- _Given data_:
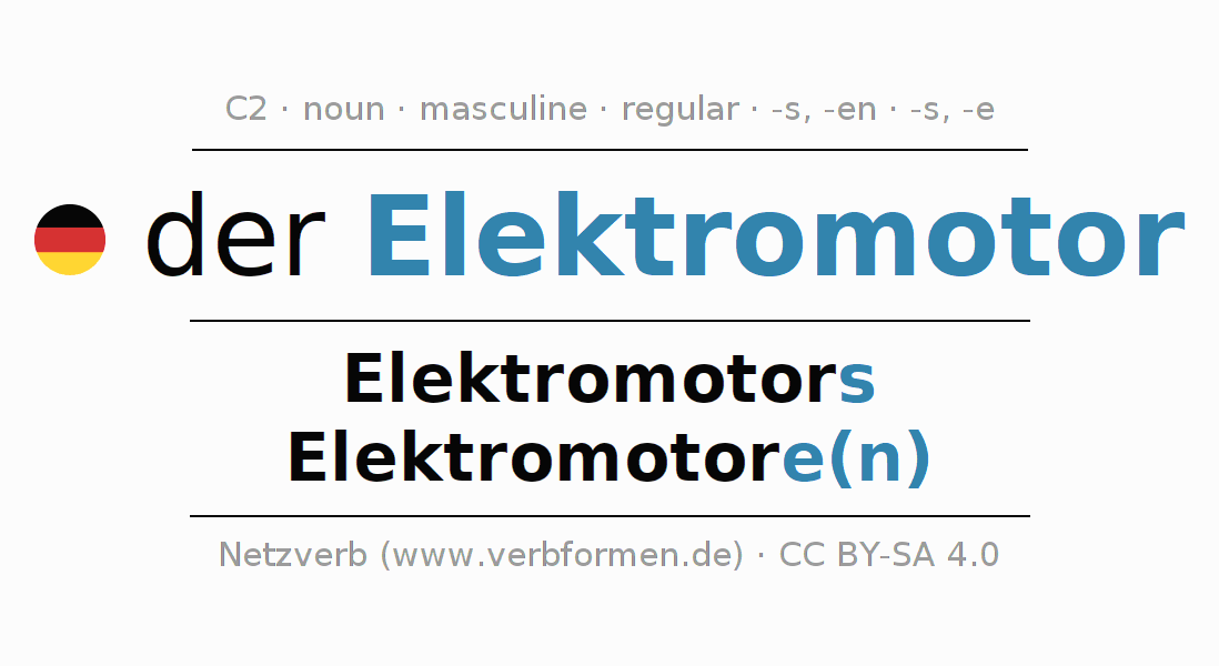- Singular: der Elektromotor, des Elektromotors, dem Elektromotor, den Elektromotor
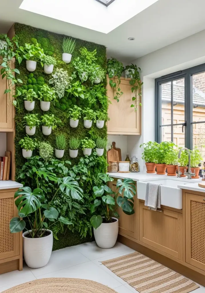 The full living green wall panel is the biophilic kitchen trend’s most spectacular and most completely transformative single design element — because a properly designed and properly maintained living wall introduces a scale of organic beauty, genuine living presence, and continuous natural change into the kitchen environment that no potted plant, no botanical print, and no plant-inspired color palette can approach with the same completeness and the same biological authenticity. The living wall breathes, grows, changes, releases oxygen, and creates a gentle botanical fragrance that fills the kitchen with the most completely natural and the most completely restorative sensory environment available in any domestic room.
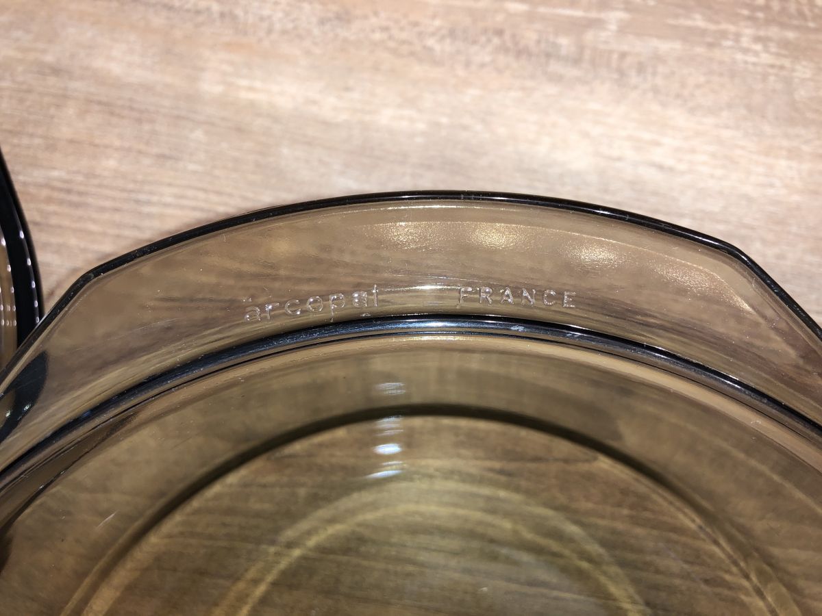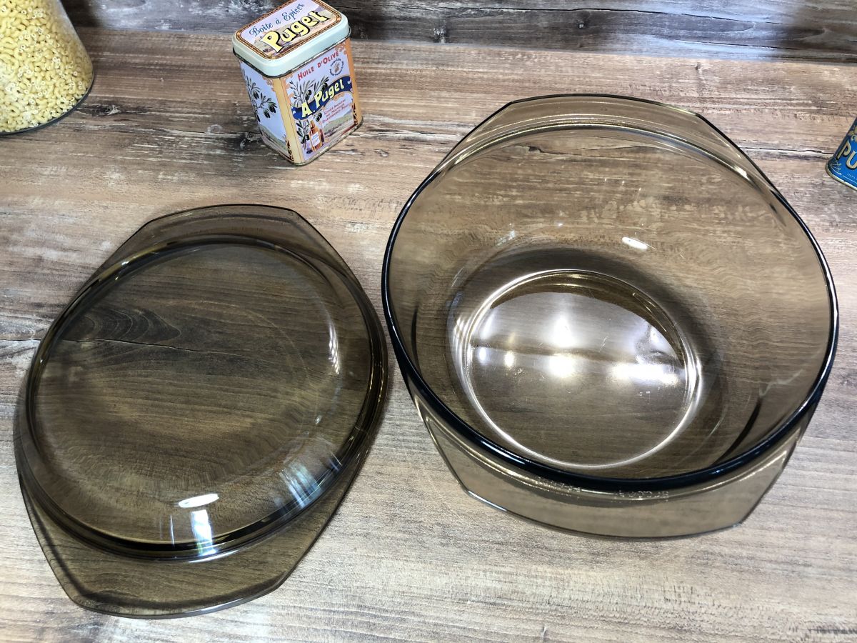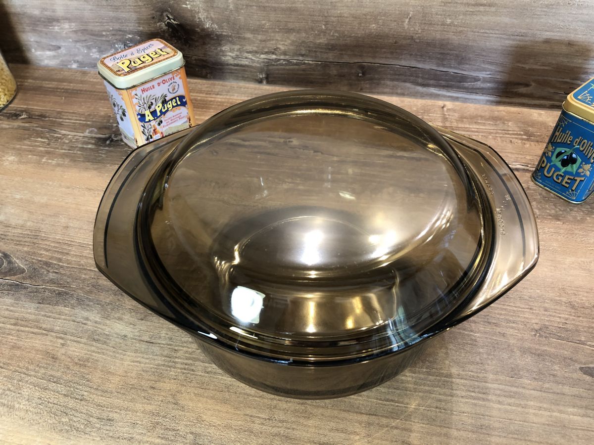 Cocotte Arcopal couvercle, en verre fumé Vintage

- _Problem statement_: With the pictures removed, return the full listing exactly as given.

- _Task result_:
- Singular: der Elektromotor, des Elektromotors, dem Elektromotor, den Elektromotor
 The full living green wall panel is the biophilic kitchen trend’s most spectacular and most completely transformative single design element — because a properly designed and properly maintained living wall introduces a scale of organic beauty, genuine living presence, and continuous natural change into the kitchen environment that no potted plant, no botanical print, and no plant-inspired color palette can approach with the same completeness and the same biological authenticity. The living wall breathes, grows, changes, releases oxygen, and creates a gentle botanical fragrance that fills the kitchen with the most completely natural and the most completely restorative sensory environment available in any domestic room.
 Cocotte Arcopal couvercle, en verre fumé Vintage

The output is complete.